**Work instruction:**
Starting at the first line of the records and stopping at the line that contains "报告会后,在郑东图书馆多功能", transcribe every line exactly and leave out the pictures.

**Dataset records:**
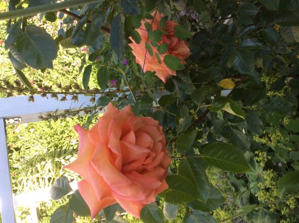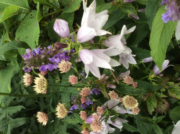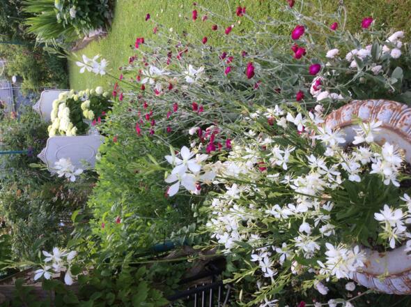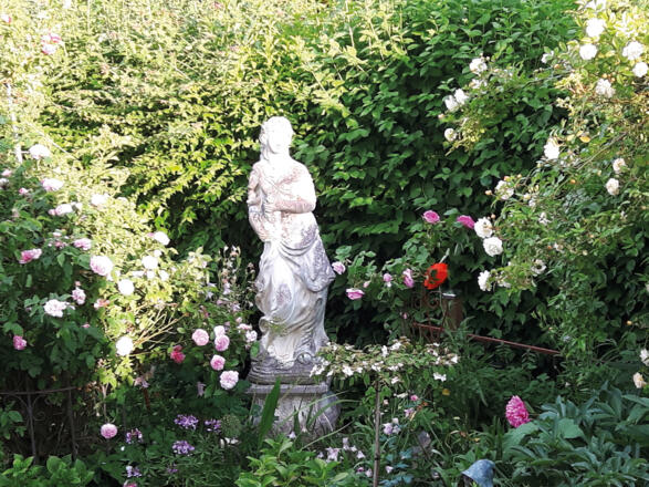 Bereits am Eingang des Gartens eröffnet sich ein Traum von einer Rosenpracht, die mit Clematis und Begleitstauden eine wunderbare Symbiose bilden. Gartenräume entstehen durch alte Zäune und Rankgerüste und umspielen dabei großzügig angelegte Staudenbeete. So wirkt der ca. 1.000 m2 große Garten sehr harmonisch.
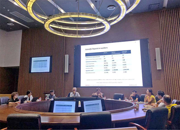 报告会后,在郑东图书馆多功能厅举行了科研报告编委讨论会,两位主编及工作人员与诸位专家学者针对Springer Nature开放获取期刊的影响力、评议流程、付费机制、版面涉及等问题进行了深入座谈交流。
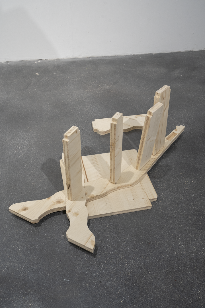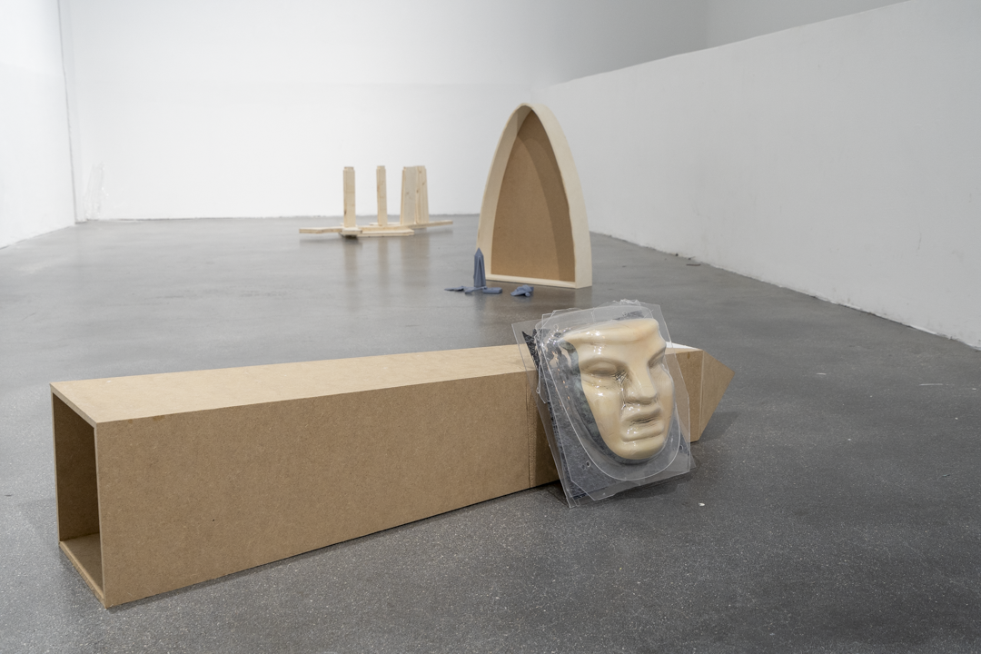 In the diploma exhibition ‘My Room of pictures - Mein Raum der Bilder’ we find a collection of three-dimensional objects made of wood and plastic. Formally, these move in the field of historicist forms and symbols that have been materialised with the help of craft and construction techniques. Forms familiar from the history of architecture and design, such as the obelisk or the Gothic arch, are artistically associated with questions of superficiality and artificiality. Knowing that all the objects originally came from photographs that were translated into physical space with the help of the artist's own spatial imagination, it becomes clear that the perception of reality and fiction is being played with here. The stage-like arrangement in the room and the play with scale suggest a situation like a surreal chamber play that challenges the viewer's own perception to the point of unconsciousness.
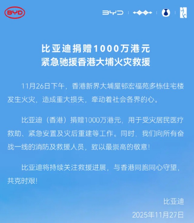 日前,比亚迪发布消息比亚迪将捐赠1000万港元,紧急驰援香港大埔火灾救援。比亚迪(香港)捐赠1000万港元,用于受灾居民医疗救助、紧急安置及灾后重建等工作。同时,我们向所有奋战一线的消防及救援人员,致以最崇高的敬意。比亚迪将持续关注救援进展,与香港同胞同心守望共克时艰。
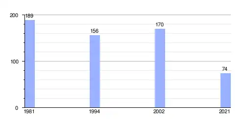 Hasta 2021 la población era de 74 habitantes,[2] con una densidad de población de 16,35 habitantes por kilómetro cuadrado.[2]

**Solution to the problem:**
 Bereits am Eingang des Gartens eröffnet sich ein Traum von einer Rosenpracht, die mit Clematis und Begleitstauden eine wunderbare Symbiose bilden. Gartenräume entstehen durch alte Zäune und Rankgerüste und umspielen dabei großzügig angelegte Staudenbeete. So wirkt der ca. 1.000 m2 große Garten sehr harmonisch.
 报告会后,在郑东图书馆多功能厅举行了科研报告编委讨论会,两位主编及工作人员与诸位专家学者针对Springer Nature开放获取期刊的影响力、评议流程、付费机制、版面涉及等问题进行了深入座谈交流。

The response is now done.